378 F2d 439 Poston v. C Caraker
378 F.2d 439
Ralph R. POSTON, Martin P. Bessell, and Willard J. Wylie, as
Association Trustees of the Miami Iron Workers
Pension Fund, Local No. 272, Appellants,
Charles C. CARAKER et al., etc. Appellees.
United States Court of Appeals, Fifth Circuit.
June 8, 1967.
Leonard H. Wolf, Miami, Fla., for appellants.
Seymour A. Gopman, Kastenbaum, Mamber, Gopman, Epstein & Miles, Miami Beach, Fla., for appellees.
Before PHILLIPS,* COLEMAN, and SIMPSON, Circuit Judges.
COLEMAN, Circuit Judge:
In this case the Association Trustees of a Pension Fund Trust1 sought a decree declaring that it would be legal for them to be compensated from the fund for their services. The District Court dismissed the petition. We affirm.
The facts are not in dispute and the issue presented is purely one of law. On October 1, 1964, the Steel and Ornamental Erectors Association of South Florida, Inc., an association of employers and the recognized collective bargaining agent of such employers, entered into a declaration of trust with Local Union #272, International Association of Bridge, Structural and Ornamental Iron Workers, AFL-CIO, by which the parties established the Miami Iron Workers Pension Fund, Local #272.

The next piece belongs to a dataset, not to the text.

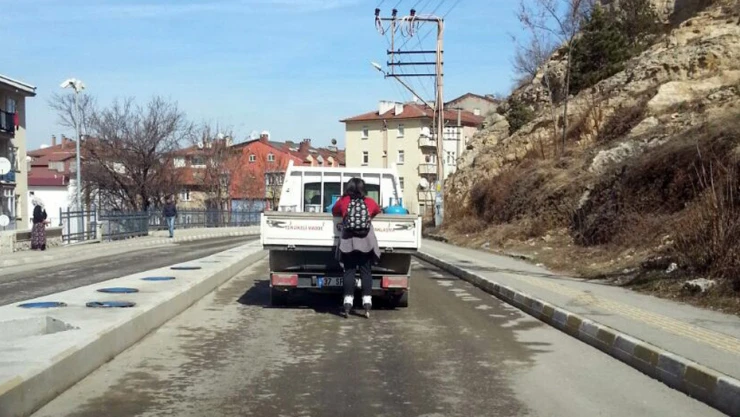 İlimizde patenle kayan genç kız, arkasında seyreden araçlara aldırmadan bir kamyonetin arkasına tutunarak yolculuk etti. Kastamonu Bakımevi Caddesi üzerinde yanından geçen ve arkasında seyreden araçlara aldırış etmeden paten kayan genç kız, kamyonetin arkasına takılarak yolculuk etti. Bir süre kamyonetin arkasında yolculuk yapan genç kız, kamyonetin yavaşlayarak dönmek için manevra yaptığı esnada kamyoneti bırakarak hiçbir şey olmamış gibi yoluna devam etti. Bu tehlikeli yolculuk, kamyonetin arkasında seyreden vatandaşlar tarafından cep telefonuyla görüntülendi.
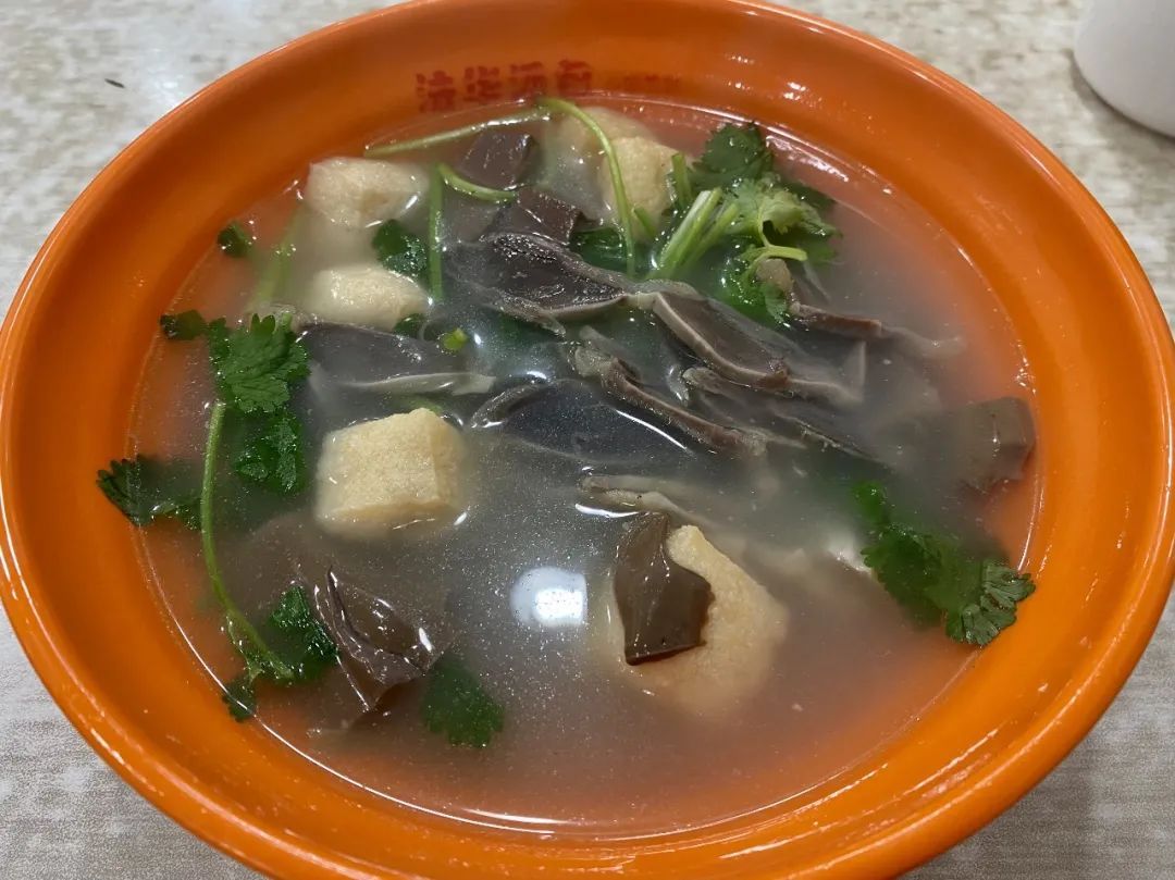 汤包的“最佳拍档”就是店里的老鸭粉丝汤。汤头是每天现熬的,没有太多调料味,汤色呈乳白色,鲜味十足。汤里的料也很足,鸭胗、鸭肠、鸭血、油豆腐满满地铺在粉丝上,还放了香菜提鲜(不吃香菜的话,可以提前和店家说明哦),一碗下肚,从喉咙到胃都舒服了。

As provided by the statute, the pension fund trust was established for the sole and exclusive benefit of the employees. The trust is administered by three trustees for the Association and three for the Union. The trust provided that in the event of a deadlock on a matter arising in connection with the administration of the fund then the trustees shall select an impartial umpire to decide the matter and break the deadlock. It further provided that if no such umpire could be agreed upon then any trustee could petition the District Court to make the appointment.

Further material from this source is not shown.